Marks enlightened many about Kalaupapa
POSTED: Friday, December 12, 2008
THE ISSUEThe advocate for leprosy patients who were exiled to the Molokai peninsula has died. |
Deprived of his freedom by disease and his fellow humans, Richard Marks did not turn toward bitterness. Instead, he channeled his energy and abilities toward standing up for Hansen's disease patients who, like him, had been banished to Kalaupapa. Among them were his father, a brother and sister, his grandmother, an aunt and an uncle.
Marks, who died Tuesday at age 79, is largely credited with helping to bring about the abolition of a century-long quarantine policy that kept more than 8,000 people confined at Kalaupapa, pressing the federal government to create a National Historic Park there and for prompting an apology by the Legislature this year.
His advocacy would take him around the world and to realms of power like the Vatican.

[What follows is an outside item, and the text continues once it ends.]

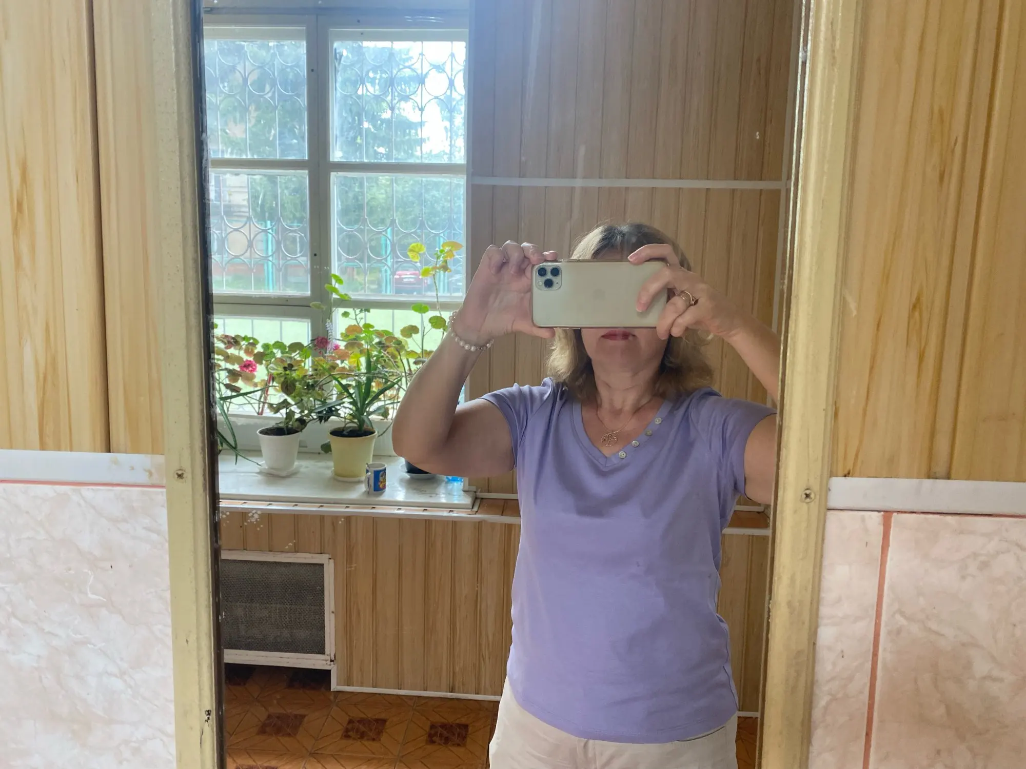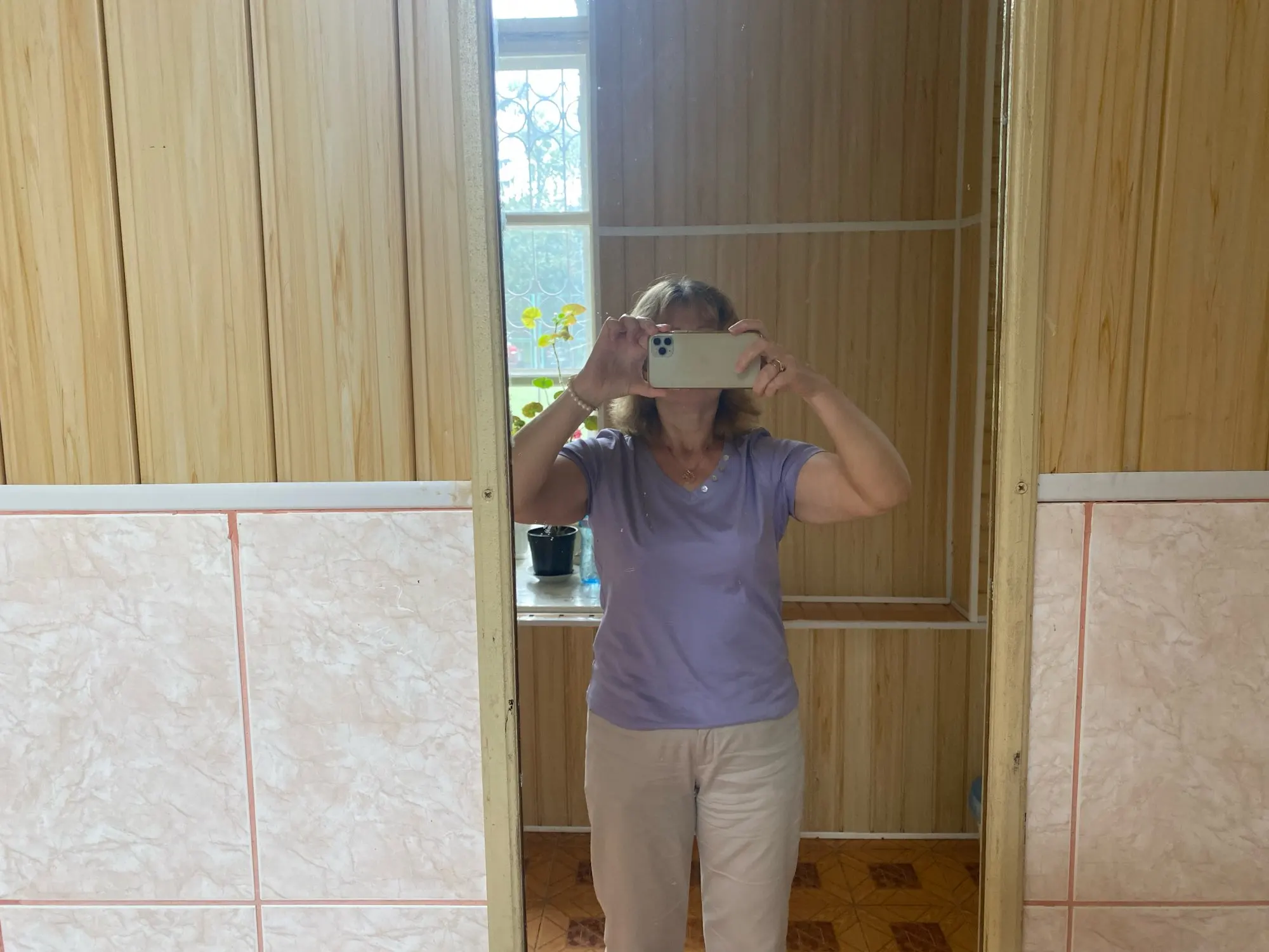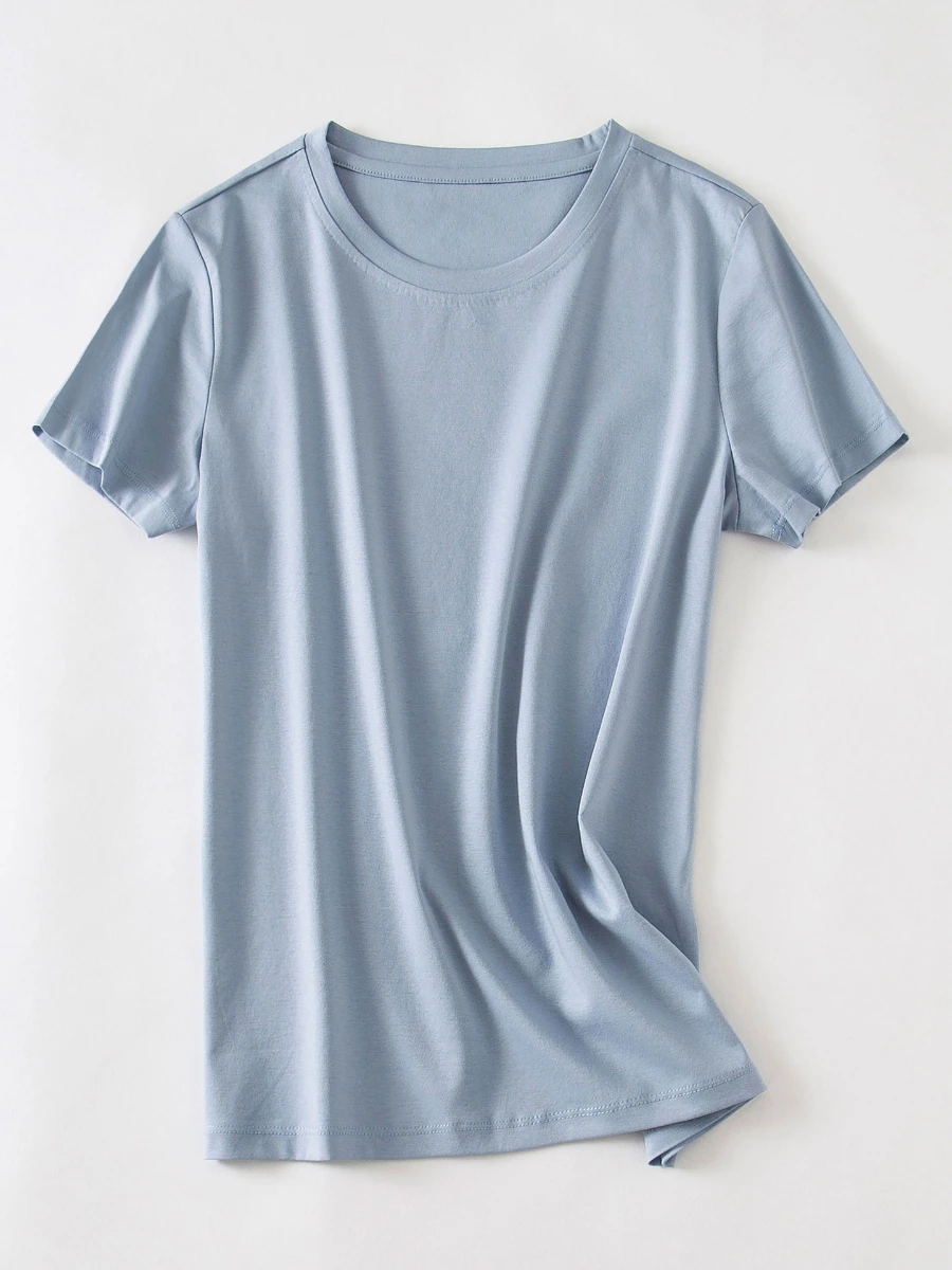 The T-shirt is of good quality. It has a silky appearance. The color is better than in the photo. Pleasant to the touch. It’s necessary to take a size larger.
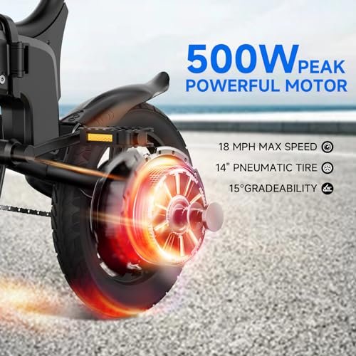 Efficient Performance: The folding electric bike is equipped with a powerful brushless motor with a peak power of 500W, giving the e-bike a top speed of 18 mph. The 36V 7.8AHA lithium battery provides up to 18 miles of battery life, providing enough power for daily commuting, outdoor sports, and vacation camping.

There, in 1983, he joined the late Hawaii author Ozzie Bushnell and Franciscan Sister Mary Laurence Hanley in a private audience with Pope John Paul II to speak on behalf of sainthood for Mother Marianne Cope, who provided spiritual and physical support to Kalaupapa's patients.
In 1996 he received the international Damien-Dutton Award, which had previously gone to such notable figures as Mother Teresa and President John F. Kennedy.
The prestigious award acknowledged what was perhaps Marks' most influential undertaking - that of telling from day to day for nearly 40 years the narrative of his life and the history of Kalaupapa. As the Star-Bulletin's Mary Adamski reported, thousands of visitors heard the stories, the pithy criticisms of government agencies and colorful recollections as he drove his Damien Tours bus around the peninsula.
Marks' efforts to shed light on a once-hidden community will be his legacy.